Step 1: Understanding the Concept:
For the ball to be suspended, the net force on it must be zero.
Upward forces: Electric force (\( qE \)) and Buoyant force (\( F_B \)).
Downward force: Weight (\( mg \)).
Step 2: Key Formula or Approach:
Equilibrium equation: \( qE + V \rho_{oil} g = V \rho_{ball} g \)
Rearranging: \( qE = V g (\rho_{ball} - \rho_{oil}) \)
Where \( V \) is the volume of the ball.
Step 3: Detailed Explanation:
1. Volume calculation:
Diameter \( D = 1 \, \text{cm} \implies \text{Radius } R = 0.5 \, \text{cm} = 0.5 \times 10^{-2} \, \text{m} \).
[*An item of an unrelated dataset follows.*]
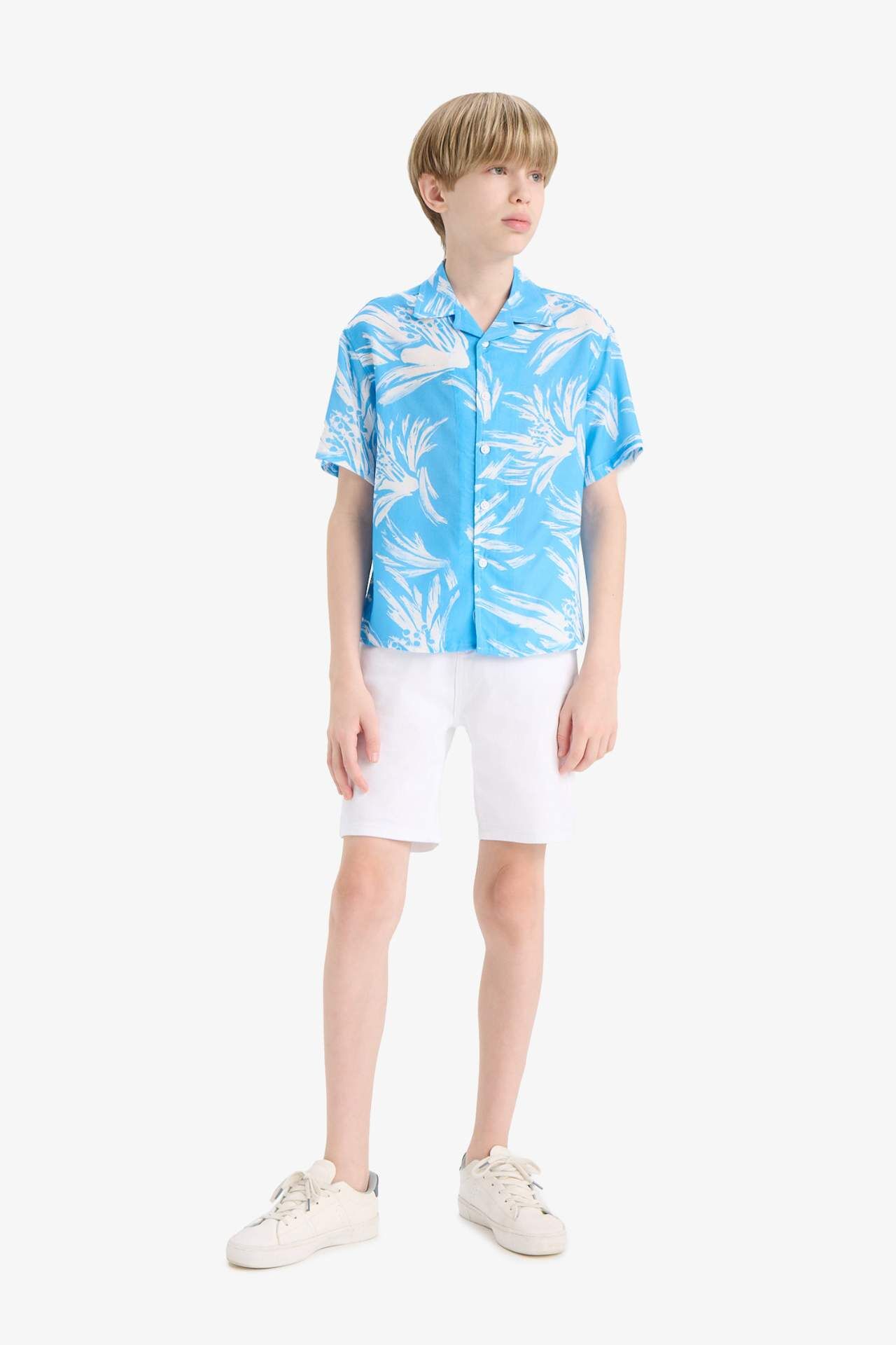 DeFacto Erkek Çocuk Oversize Geniş Kalıp Polo Yaka Floral Viskon Kısa Kollu Gömlek F5675A825HSBE339

\[ V = \frac{4}{3} \pi R^3 = \frac{4}{3} \pi (0.5 \times 10^{-2})^3 = \frac{4}{3} \pi \times 0.125 \times 10^{-6} \, \text{m}^3 \]
2. Densities in SI units:
\( \rho_{ball} = 8.0 \, \text{g/cc} = 8000 \, \text{kg/m}^3 \)
\( \rho_{oil} = 0.8 \, \text{g/cc} = 800 \, \text{kg/m}^3 \)
3. Substituting into the balance equation:
\[ q \times 600\pi = \left( \frac{4}{3} \pi \times 0.125 \times 10^{-6} \right) \times 10 \times (8000 - 800) \]
Cancel \( \pi \) and simplify:
\[ 600 q = \frac{4}{3} \times 0.125 \times 10^{-5} \times 7200 \]
\[ 600 q = \left( \frac{4 \times 7200}{3} \right) \times 0.125 \times 10^{-5} \]
\[ 600 q = (4 \times 2400) \times 0.125 \times 10^{-5} \]
\[ 600 q = 9600 \times 0.125 \times 10^{-5} \]
\[ 600 q = 1200 \times 10^{-5} \]
\[ q = \frac{1200}{600} \times 10^{-5} = 2 \times 10^{-5} \, \text{C} \]
Step 4: Final Answer:
The charge on the ball is $2 \times 10^{-5}$ C.